Viaggi interstellari e post-umani

Fornito da BBVA





Il nostro Sole è a meno di metà della sua vita. Si è formato 4,5 miliardi di anni fa, ma ne ha altri sei miliardi prima che il carburante si esaurisca. Quindi divampa, vaporizzando tutta la vita che potrebbe ancora rimanere sulla Terra. Qualsiasi creatura che assisterà alla scomparsa del Sole tra sei miliardi di anni non sarà umana: sarà diversa da noi come lo siamo noi da un insetto.

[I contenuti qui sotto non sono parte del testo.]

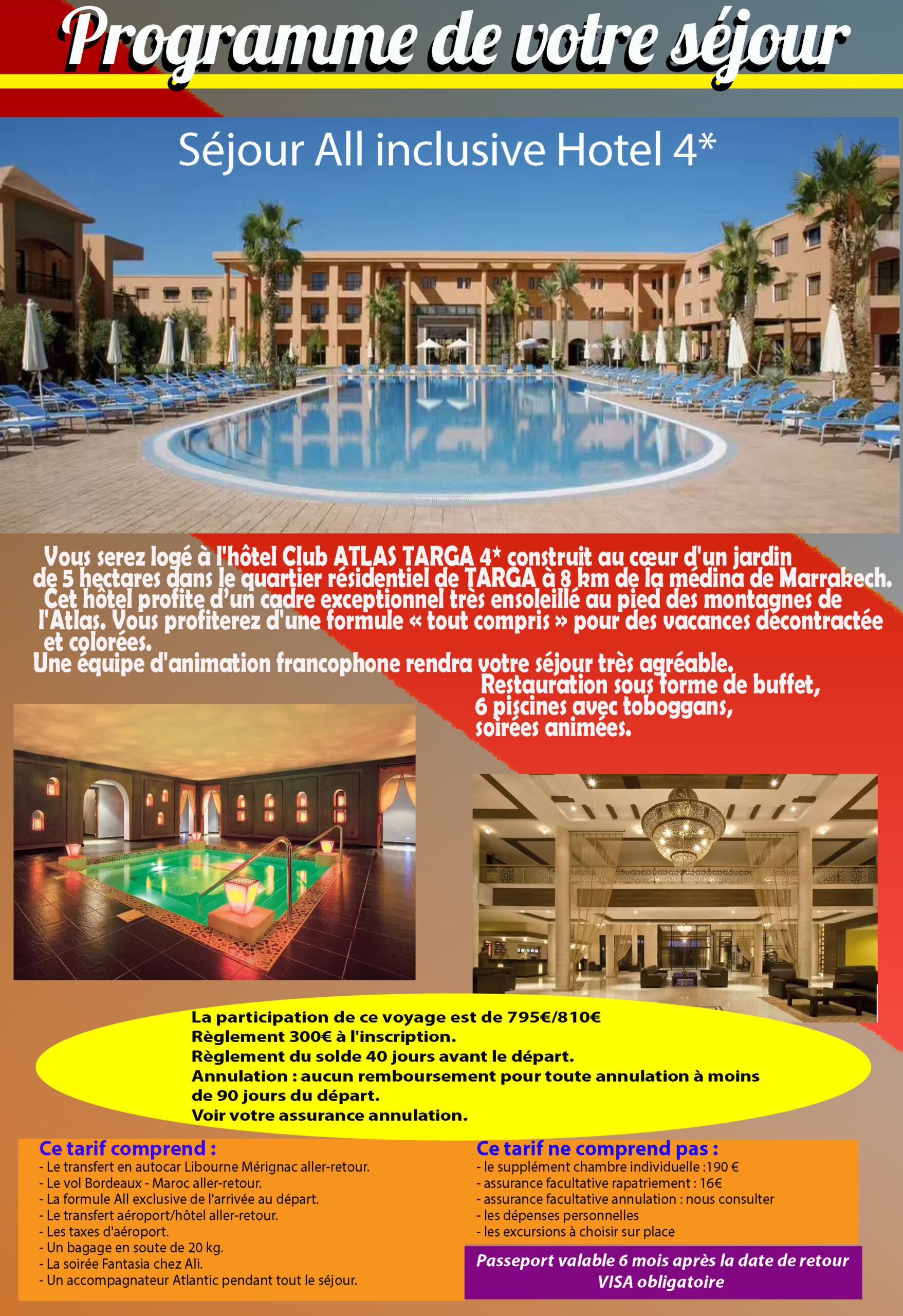 Hôtel 4 étoiles avec animation dansante tous les soirs. Règlement 200 € à l’inscription.

L'evoluzione post-umana potrebbe essere prolungata quanto l'evoluzione darwiniana che ci ha condotto, ma alla velocità molto accelerata consentita dalla modificazione genetica e dal progresso dell'intelligenza artificiale. Tuttavia questo secolo può essere un momento decisivo. Noi umani abbiamo il diritto di sentirci straordinariamente significativi, come la prima specie conosciuta con il potere e la responsabilità di plasmare il proprio futuro e forse il futuro dell'intelligenza nel cosmo. Tre nuove tecnologie saranno cruciali nel resto di questo secolo: biotecnologie avanzate, intelligenza artificiale e capacità di esplorare lo spazio.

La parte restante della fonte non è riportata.